III. SUR LES DEMANDES ACCESSOIRES
M. [J] [N], partie perdante, supportera la charge des dépens, qui comprendront notamment le coût du commandement de payer du 27 mai 2024 et de l’assignation en référé.
Compte tenu des démarches judiciaires qu’a dû accomplir la SA D’HLM IMMOBILIERE 3F, M. [J] [N] sera condamné à lui verser une somme de 300 € au titre de l’article 700 du code de procédure civile.
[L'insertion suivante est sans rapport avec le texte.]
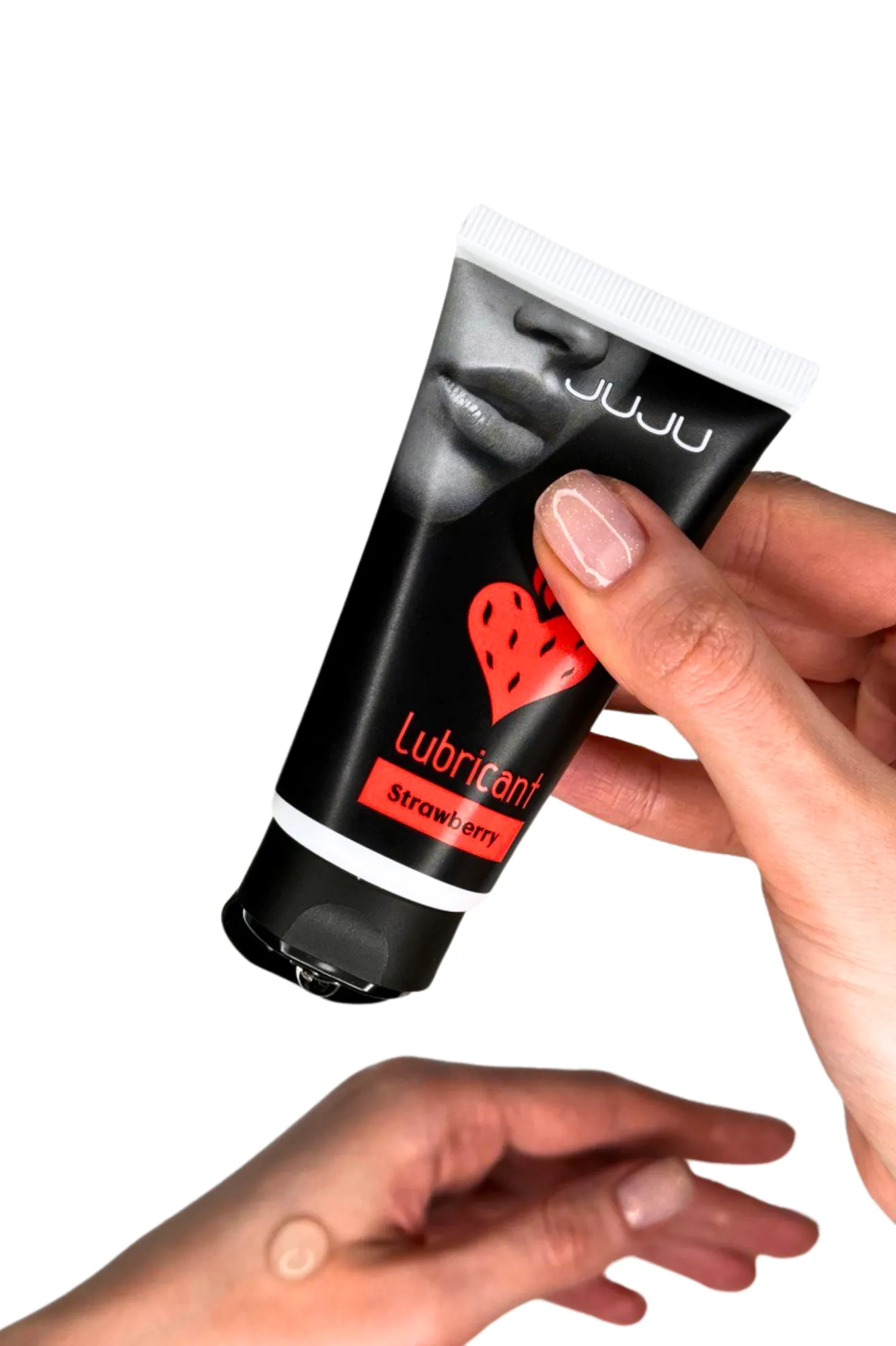 Съедобный лубрикант со вкусом клубники отлично подойдет для любого вида близости. Водная основа смазки позволяет разнообразить интимную жизнь, обеспечивая продолжительное шелковистое скольжение. Лубрикант можно использовать с любыми интим игрушками, а также с презервативами. Состав: вода очищенная, глицерин, гидроксиэтилцеллюлоза, бензоат натрия, сорбат калия, пропиленгликоль, ароматизатор пищевой, сахаринат натрия, лимонная кислота, объем – 50 мл, производитель – JuJu (Россия). срок годности-3 года.

Enfin, il sera rappelé qu’en vertu de l’article 514 du code de procédure civile la présente décision est de plein droit exécutoire à titre provisoire.
PAR CES MOTIFS,
Nous, Juge des contentieux de la protection, statuant publiquement en référé, par mise à disposition au greffe, par ordonnance réputée contradictoire et en premier ressort,
Constatons que les conditions d’acquisition de la clause résolutoire figurant au bail conclu le 30 juillet 1997 et ses avenants entre la SA [Adresse 5] et M. [J] [N], concernant l’appartement à usage d’habitation situé au [Adresse 1], et les places de stationnement, référencées à l’heure actuelle R339P-0008 et R339P-0013, sont réunies à la date du 30 juillet 2024 ;
Ordonnons en conséquence à M. [J] [N], et tout occupant de son chef de libérer les lieux et de restituer les clés dans le délai de 8 jours à compter de la signification de la présente ordonnance;
Disons qu’à défaut pour M. [J] [N] d’avoir volontairement libéré les lieux et restitué les clés dans ce délai, la SA D’HLM IMMOBILIERE 3F pourra, deux mois après la signification d’un commandement de quitter les lieux, faire procéder à son expulsion ainsi qu’à celle de tout occupant de son chef, y compris le cas échéant avec le concours d’un serrurier et de la force publique ;
Rappelons que le sort des meubles éventuellement laissés dans les lieux est spécifiquement organisé aux articles L433-1 et R.433-1 et suivants du code des procédures civiles d’exécution au titre des opérations d’expulsion;
Condamnons M. [J] [N] à payer à la SA [Adresse 5] à titre provisionnel une indemnité mensuelle d’occupation à compter du 30 juillet 2024 et jusqu’à la date de la libération définitive des lieux et la restitution des clés ;
Fixons cette indemnité mensuelle d’occupation au montant du loyer et des charges, calculés tels que si le contrat s’était poursuivi ;
Condamnons M. [J] [N] à verser à la SA D’HLM IMMOBILIERE 3F à titre provisionnel la somme de 6108,86 € (décompte arrêté au 19 février 2025,incluant les loyers, provisions sur charge et indémnité d’occupation dus à cette date), avec les intérêts au taux légal à compter de la présente ordonnance ;
Condamnons M. [J] [N] à verser à la SA [Adresse 5] une somme de 300€ au titre de l’article 700 du code de procédure civile ;
Condamnons M. [J] [N] aux dépens, qui comprendront notamment le coût du commandement de payer du 27 mai 2024 et de l’assignation en référé ;
Rappelons que la présente ordonnance est de plein droit exécutoire à titre provisoire ;
Ainsi jugé et prononcé par mise à disposition de la décision au greffe du tribunal de proximité, le 6 mai 2025, les parties en ayant été préalablement avisées dans les conditions prévues au deuxième alinéa de l’article 450 du code de procédure civile, la minute étant signée par Amandine DUPLEIX, Juge des contentieux de la protection, et par Virginie DUMINY, Greffier.